Завалившийся на плечи мужской халат спасает от вмиг загулявшего по дому сквозняка. Я спускаюсь на кухню: тяжёлая ветвь, некогда улыбающаяся подле крыльца дома и качелей, лежит на столе для готовки; вокруг неё россыпь из остатков окна. Сумасшедший заливистый ветер подбрасывает занавески и скидывает в кабинете что-то из оставленных бумаг. Не рвусь поднимать их – рвусь закрыть пустующую раму. Выталкиваю мокрую (и от того ставшую в тысячу раз тяжелей) ветвь и случайно колю пальцы об осколки, следом стряхиваю их в позабытую у раковины миску и лужу забрасываю тряпками из обслуживающего шкафчика. Замечаю распахнутую гаражную дверь. Косой дождь окропляет инструменты и рабочее место Гумбельта и ещё один автомобиль с откидным – и по воле случая откинутым – верхом. Отчего слуга пренебрёг правилами и по обыкновению не закрыл гараж?

Как же не хочется выходить…Право, ничего не предвещало непогоды и разгула в небе. Взираю на презрительную и презирающую свору туч, и те раскалываются пополам стремительно несущейся молнией. Грохот опоясывает территорию дома Солнца и все пустыри близ.

Бегу до гаража. Давно позабытый страх велит ощетиниться и спрятаться под крышей. Босые ноги – грязные, с налипшим на щиколотках песком – хлюпают по воде; неровности пола блюдцами набирают ревущий дождь. Проклятая дверь опускается намеренно неспешно. Небо продолжает издыхать, и вдруг ещё большим отчаянием набираюсь я.

Всё ли хорошо с Гелиосом? Успел ли он доехать до запланированного места или остановился в пути? Переждал ли он ливень или не застал его вовсе? А если песочные тропы размоет…как он вернётся? Сколько дней проведёт в дороге?

Набираю полную грудь тоски, а с лязгом металла небо вновь рассекает золотая полоса.

Никогда не была в гараже прежде. И Гелиос его обходил стороной. Машинами занимался Гумбельт, в его же задачи входило выгонять и загонять транспорт, даже если в последующей поездке водителем выступал хозяин дома. Разглядываю кабриолет, которым так гордился супруг. На следующий приём в чей-либо из домов желаю отправиться на нём, дабы ловить обжигающий ветер и пыль, а в моменты сильного зноя прятаться под опускаемой крышей.

Плотные капли бьют по крохотному оконцу, располагающему над рабочим столом.

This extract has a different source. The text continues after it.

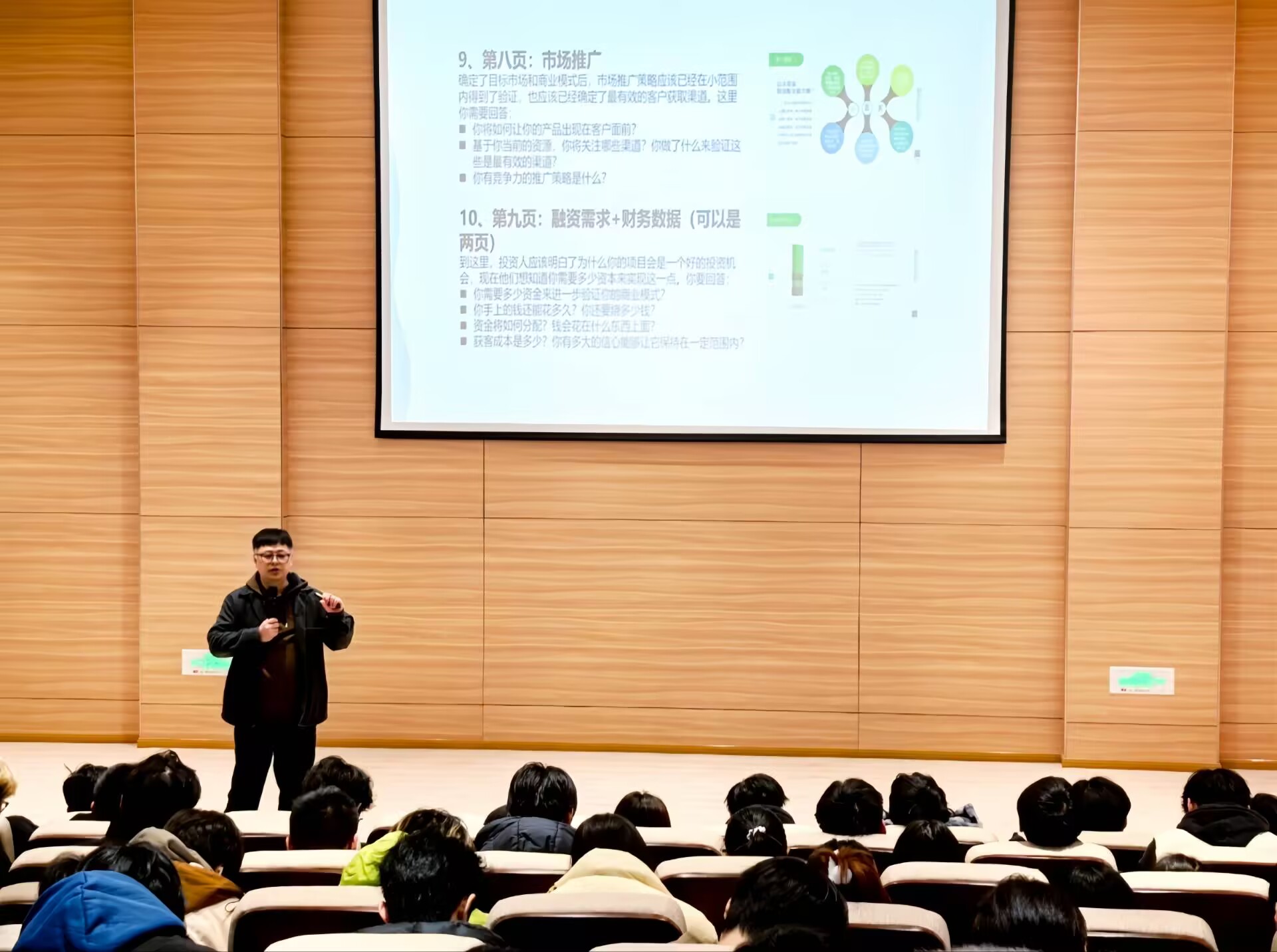 此外,王青老师凭借自身丰富经验,逐一解答了同学们可能遇到的问题。最后,针对双创赛事的评分标准,他分享了如何通过计划书突出项目亮点,帮助同学们精准把握赛事需求,使项目在众多参赛作品中脱颖而出。

Под одним из ящиков наблюдаю крохотный уголок конверта. С кем прислуга может вести переписку? И прислуга выучен грамоте?

Вырываю конверт и вместе с ним нахожу кладезь иных сообщений. Всё то – заметки и черновики (некогда отправленных или должных стать таковыми в будущем) писем.

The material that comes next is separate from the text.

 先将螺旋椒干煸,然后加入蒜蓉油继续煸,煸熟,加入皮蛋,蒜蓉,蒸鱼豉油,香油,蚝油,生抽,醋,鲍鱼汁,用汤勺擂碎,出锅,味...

Тот, чьему перу принадлежат откровения, рассказывает о жизни дома Солнца. И бумага на верхушке стопки – самая свежая – пускается в повествование: господин и госпожа стали друг другу теплы и приятны; господин и госпожа пропадают вечерами в саду, а утро проводят за работой в кабинете; господин более не воротит взгляда от свалившейся на его голову супруги, а госпожа более не стесняется вечного присутствия супруга; господин следует за госпожой, и они звонко смеются; госпожа теплится в объятиях господина, и они имеют ласковое друг с другом обращение. Теперь дом Солнца обрёл хозяйку воистину и клан Солнца воссияет по-новому.

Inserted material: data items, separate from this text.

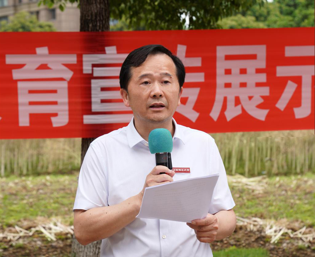 油籽翻金浪,书香满校园。5月6日下午,学校劳动教育宣传展示月活动启动仪式在瑶湖校区弘德园举行。校党委书记朱小理出席。学校劳动教育工作领导小组成员单位负责人,马克思主义学院、物理与通信电子学院、化学与材料学院、生命科学学院、体育学院、地理与环境学院、新闻与传播学院、国际教育学院等学院负责人和百余名师生代表参加。校党委常委、副校长钟业喜主持启动仪式。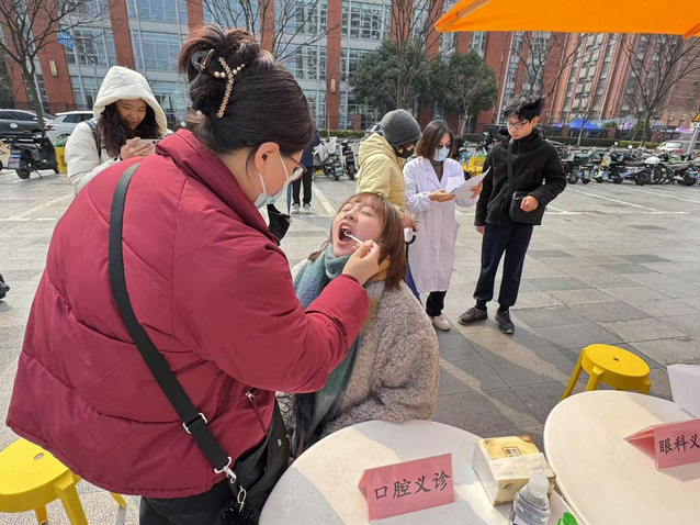 口腔医学技术专业的尚书老师充分发挥专长,向居民普及口腔保健知识,详细介绍正确的刷牙方法、龋齿预防等内容,并为居民们进行口腔初步检查。尚书老师专业又接地气的讲解,赢得了居民们的热烈欢迎与高度好评。
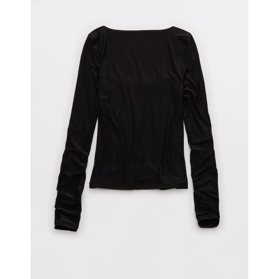 SMOOTHEZ Square Neck Long Sleeve T-Shirt – True Black
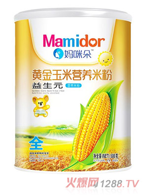 谷物中含有较高的营养,玉米是一种高营养的谷物,含有天然成分的钙,胡萝卜素也比其他植物的含量要高,叶黄素能帮助宝宝视力的发育,妈咪朵营养玉米米粉采用优质谷物,玉米为主要原料,营养科学搭配,先进的生产加工工艺,帮助宝宝真正做到营养补充。

Кому могли быть направлены все эти слова? Кто смел так нагло выворачивать происходящее внутри стен нашего дома…?

Я ворошу измятые листы и нахожу одно из первых писем, датой относящееся к моему прибытию: господин и госпожа много разговаривают, но держатся отстранённо и холодно, их брак – фикция и обман, быть связаны такие разные сердца не могут и не смогут.

И вот я встречаюсь с ответным посланием. Надпись на конверте велит уничтожить содержимое после прочтения, но воля любопытного исполнена не была. Этот человек даёт поручение – чтоб ему, Гумбельту! – следить за климатом дома, за всем происходящим и сообщать о любых изменениях; малейшие конфликты или опасения – вскрывать, применение силы – обнажать, о непочтительном поведении – докладывать; и прочее, и прочее.

Кто же явился таким явно мне сопереживающим…? (вот только напрасно! человек не знал Гелиоса настоящего – доброго и терпеливого; не образом циника с приёмов, а истинного мудреца). Заставивший стены дрогнуть гром совпадает с раскрытым именем: я наблюдаю в конце письма-просьбы-указания: «Хозяин Монастыря».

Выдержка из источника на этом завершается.